Cellular and molecular mechanisms underlying aberrant network reorganization in the epileptic brain

Abstract

Well-refined wiring of neural circuits is fundamental to proper brain function. Aberrantly formed neural circuits may induce epileptiform discharges of neurons. Therefore, elucidating the cellular and molecular mechanisms that underlie the development of aberrant neural circuitry will advance the understanding and prevention of epilepsy. The dentate gyrus has been suggested to serve as a gate that prevents the propagation of epileptiform activity from the entorhinal cortex to the hippocampus.

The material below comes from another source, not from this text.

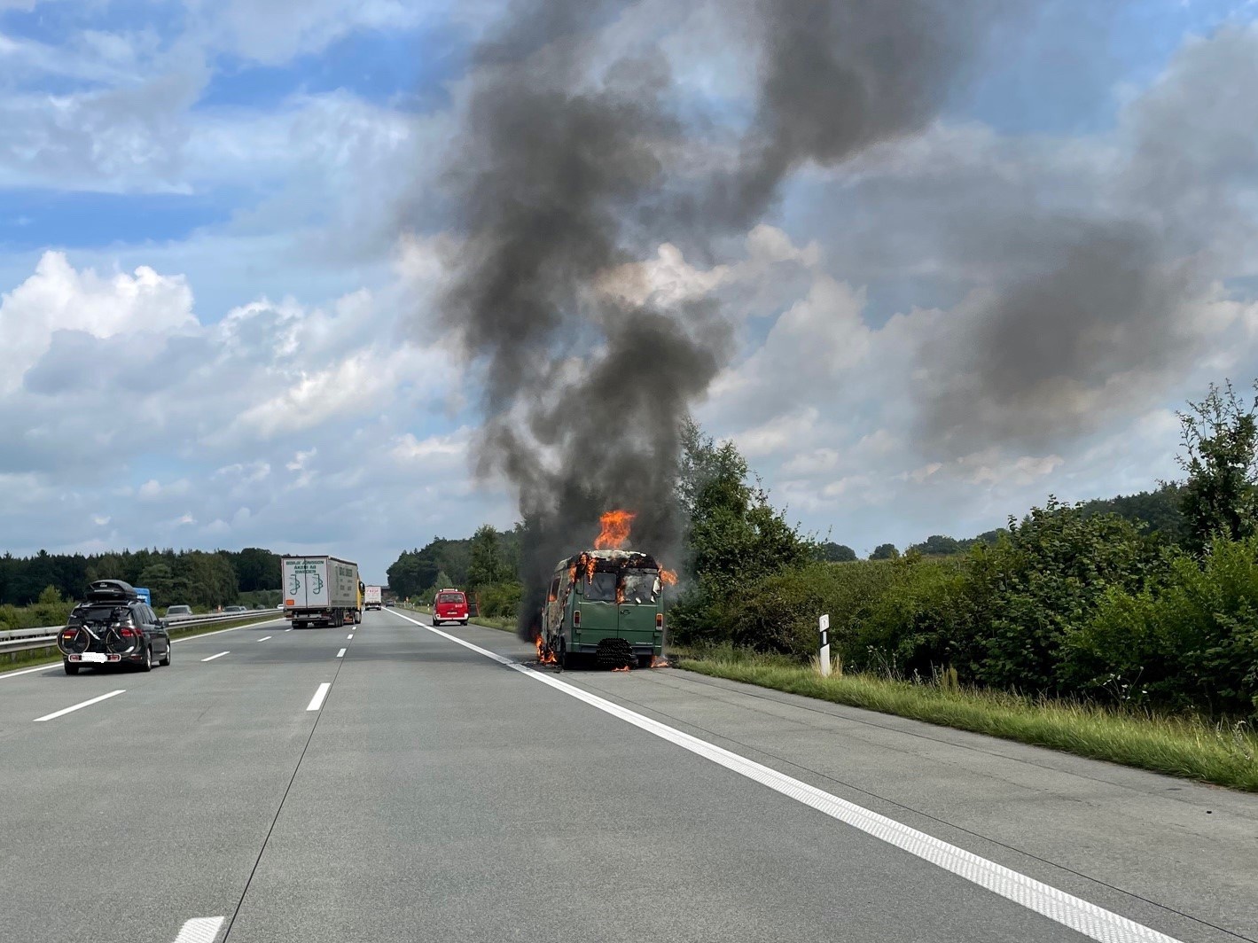 A1/Reeßum: Wohnmobilbrand auf der Autobahn

Within the dentate gyrus is the dentate granule cell layer, which consists of densely packed granule cells that maintain intrinsically low-firing properties and rarely exhibit burst discharges synchronized with other neurons. Additionally, granule cells form abundant synaptic inputs to inhibitory interneurons in the dentate hilus, a fraction of which provide feedback inhibition back to the granule cells. Network reorganization of the dentate gyrus in patients with temporal lobe epilepsy and in corresponding animal models was reported. Specifically, mossy fiber sprouting and the emergence of ectopic granule cells contribute to the observed phenotypes. This paper reviews the expanding literature on the cellular and molecular mechanisms underlying the formation of aberrant hippocampal networks and their role in epileptogenesis.